The antioxidant effects of decursin inhibit EndMT progression through PI3K/AKT/NF-κB and Smad signaling pathways.

Endothelial cells (ECs) undergo endothelial-to-mesenchymal transition (EndMT) during the pathophysiology of cardiovascular diseases, a complex cellular transdifferentiation process closely associated with increased oxidative stress under adverse conditions such as myocardial infarction (MI). Decursin, a major constituent of Angelica gigas Nakai, displays diverse pharmacological properties.
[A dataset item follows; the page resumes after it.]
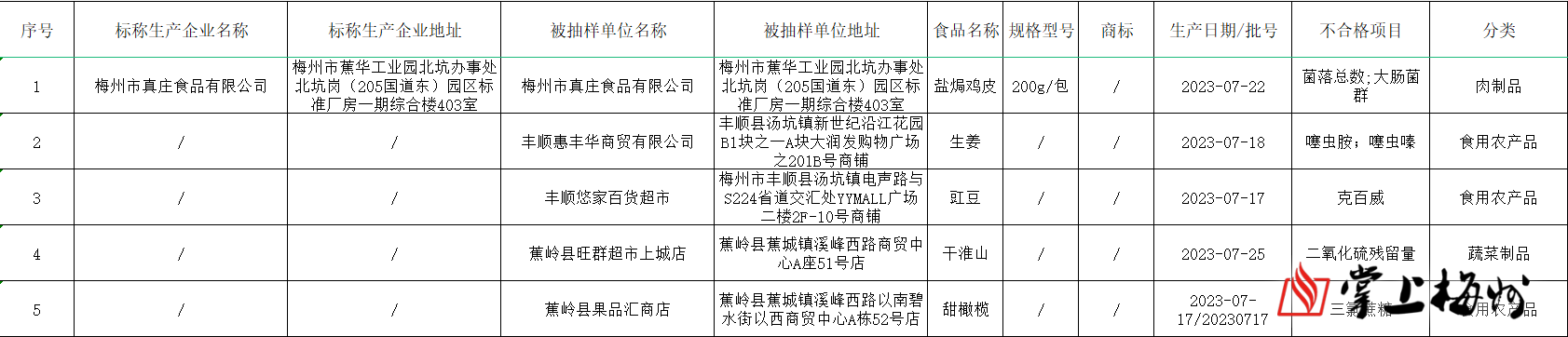 掌上梅州讯 日前,市市场监督管理局对2023年第三期食品抽检情况进行了公示,此次抽检了300批次食品样品,其中抽检样品不合格5批次。
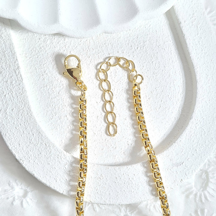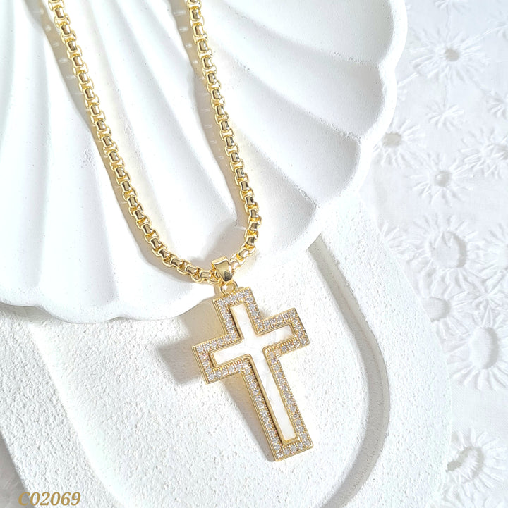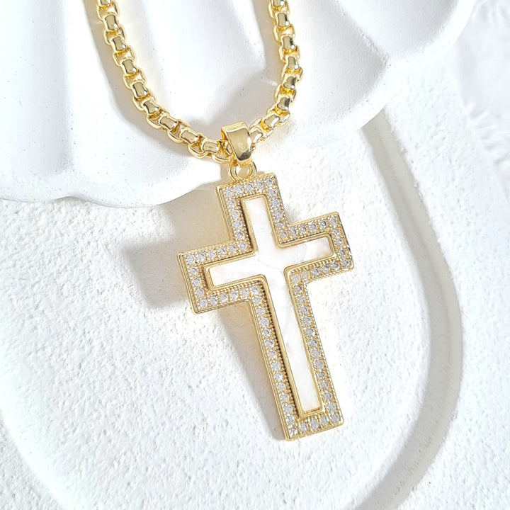 Cadena en rodio con textura y dije grande en forma de cruz con zircones y detalles en nácar

This study aimed to examine the antioxidant impact of decursin on EndMT regulation in both in vitro and in vivo models as a potential therapeutic strategy for MI. In vitro the inhibitory effects of decursin treatment were analyzed by measuring the expression of EndMT-associated genes, assessing endothelial function, intracellular ROS levels, and mitochondrial membrane potential. Furthermore, the study elucidated antioxidation-related signaling mechanisms within EndMT-induced ECs. In vivo, the therapeutic potential of decursin was investigated using a mouse model of MI. Decursin administration attenuated the EndMT process by upregulating CD31 and VE-Cadherin while decreasing fibronectin and α-SMA expression in EndMT-induced ECs. It also lowered ROS levels, preserved mitochondrial membrane potential, and modulated functional properties, resulting in enhanced LDL uptake and diminished endothelial permeability. Endothelial integrity was sustained via regulation of the PI3K/AKT/NF-κB and Smad-dependent signaling pathways, both responsive to oxidative stress during EndMT. In the MI mouse model, decursin reversed EndMT, lessened myocardial fibrosis and apoptosis, and promoted recovery of infarcted regions. The treated hearts demonstrated improved cardiovascular performance. Decursin represents a novel therapeutic strategy targeting intracellular oxidative stress induced by EndMT. By exerting antioxidant activity through the PI3K/AKT/NF-κB and Smaddependent pathways, decursin maintains endothelial function, suppresses myocardial fibrosis, and supports cardiac recovery following MI therapy. [BMB Reports 2025; 58(9): 406-414].